* [Task requirements]: One exact copy of the listing is needed. It should contain no pictures.

* [Supplied material]:
──────
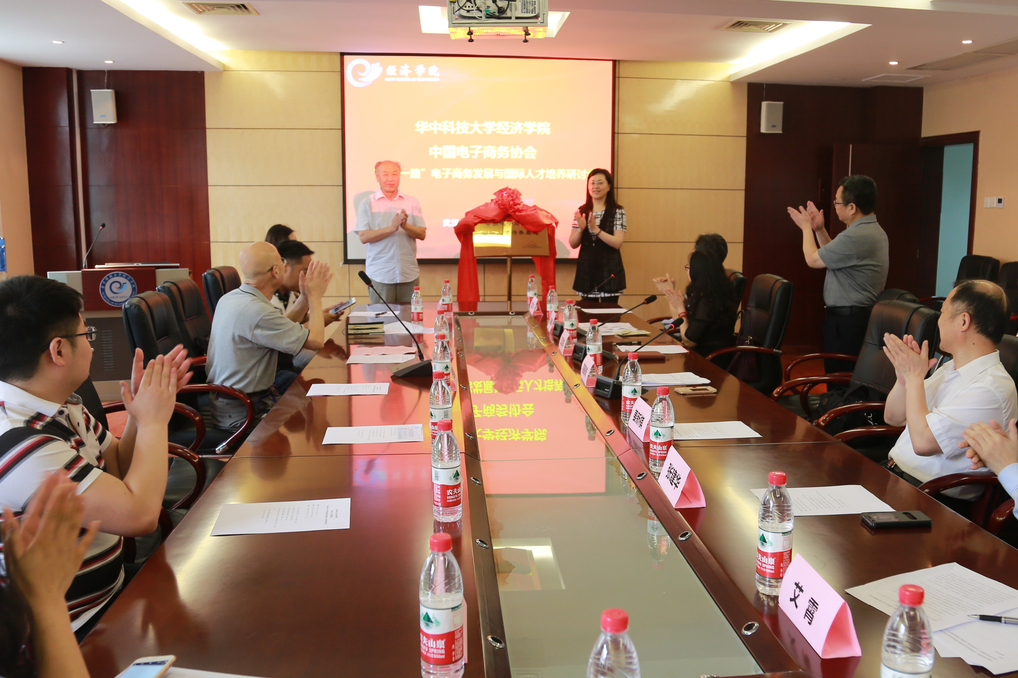 中国电子商务协会副理事长兼秘书长张宝泰和华中科技大公司党委常委、总会计师湛毅青共同为中国电子商务师国际人才培养基地揭牌。
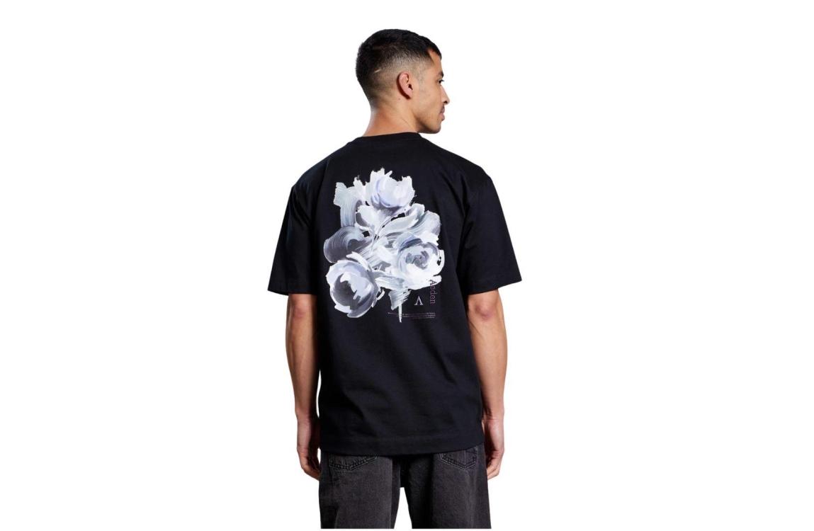 Aeden T-shirt Fioran A22243229. Dit oversized model is voorzien van een ronde hals en heeft korte mouwen. Deze zwarte T-shirt van Aeden is bewerkt met een toffe backprint en is afgewerkt met het logo aan de voorzijde op de borst.
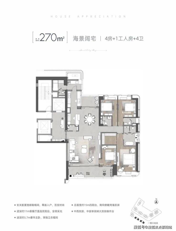 项目包含住宅、公寓、写字楼、酒店、商业、教育、公园等多种业态。目前在售的是一期的03地块由4栋住宅和2栋公寓组成,占地面积 21889.28㎡,建筑面积约16.8万㎡,容积率约8-9,车位比1:1.3;即将加推的二期是由2栋住宅+商业+办公组成。
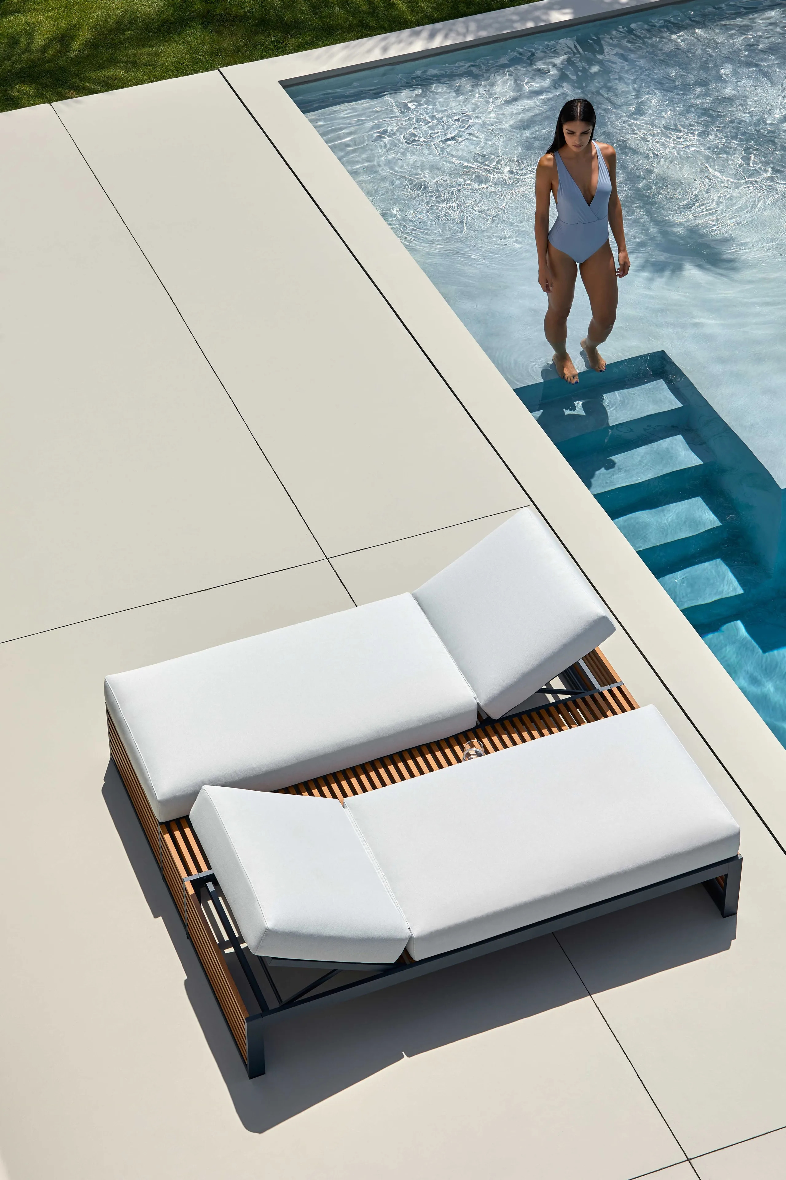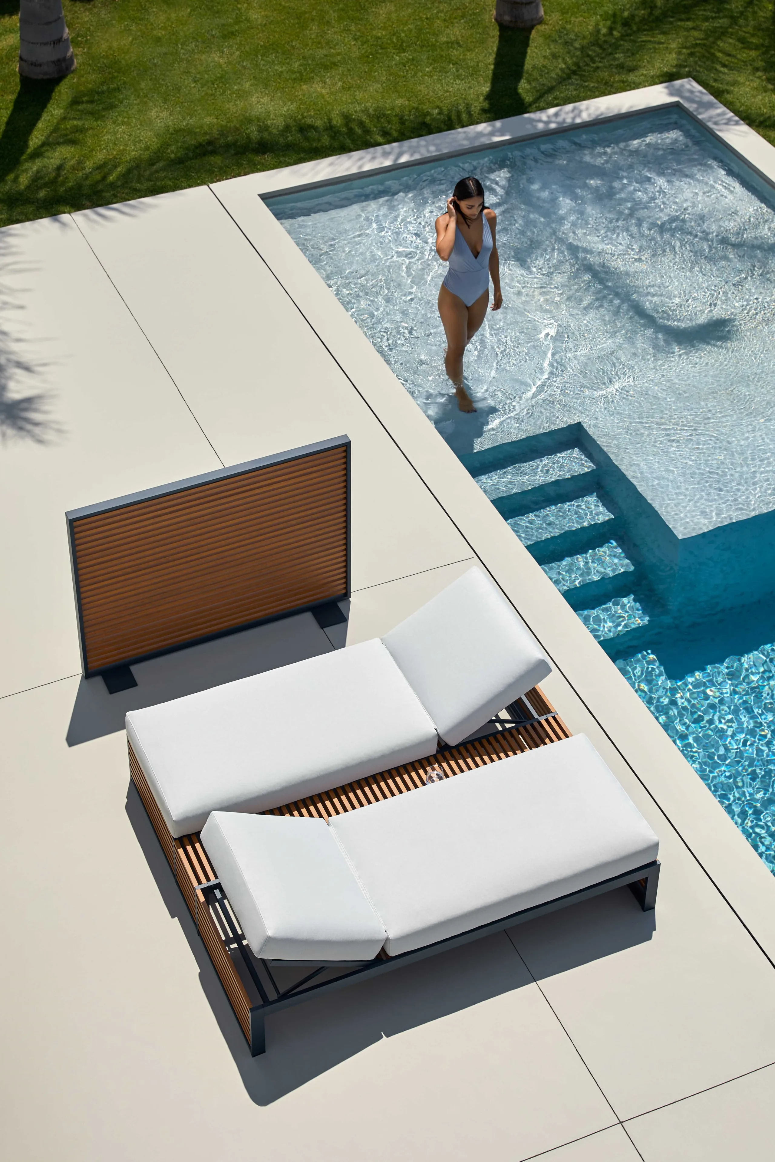 The DNA collection offers a sophisticated blend of design influences, drawing inspiration from the interplay of light and shadow seen in Mediterranean shutters and the minimalist elegance of Japanese architecture. This range of durable outdoor furniture is crafted from anodized or thermo-lacquered aluminum profiles, ensuring longevity and resilience in various weather conditions. The modular outdoor seating and comfortable poolside loungers feature polyurethane foam rubber, enveloped in water-repellent fabric with removable covers for easy maintenance. Available in a diverse palette, including anodized, white, agate grey, and more, these all-weather chairs and garden furniture sets are ideal for resorts, cafés, restaurants, and beachside hotels seeking stylish and functional all-weather outdoor furniture.
──────
* [Answer]:
 中国电子商务协会副理事长兼秘书长张宝泰和华中科技大公司党委常委、总会计师湛毅青共同为中国电子商务师国际人才培养基地揭牌。
 Aeden T-shirt Fioran A22243229. Dit oversized model is voorzien van een ronde hals en heeft korte mouwen. Deze zwarte T-shirt van Aeden is bewerkt met een toffe backprint en is afgewerkt met het logo aan de voorzijde op de borst.
 项目包含住宅、公寓、写字楼、酒店、商业、教育、公园等多种业态。目前在售的是一期的03地块由4栋住宅和2栋公寓组成,占地面积 21889.28㎡,建筑面积约16.8万㎡,容积率约8-9,车位比1:1.3;即将加推的二期是由2栋住宅+商业+办公组成。
 The DNA collection offers a sophisticated blend of design influences, drawing inspiration from the interplay of light and shadow seen in Mediterranean shutters and the minimalist elegance of Japanese architecture. This range of durable outdoor furniture is crafted from anodized or thermo-lacquered aluminum profiles, ensuring longevity and resilience in various weather conditions. The modular outdoor seating and comfortable poolside loungers feature polyurethane foam rubber, enveloped in water-repellent fabric with removable covers for easy maintenance. Available in a diverse palette, including anodized, white, agate grey, and more, these all-weather chairs and garden furniture sets are ideal for resorts, cafés, restaurants, and beachside hotels seeking stylish and functional all-weather outdoor furniture.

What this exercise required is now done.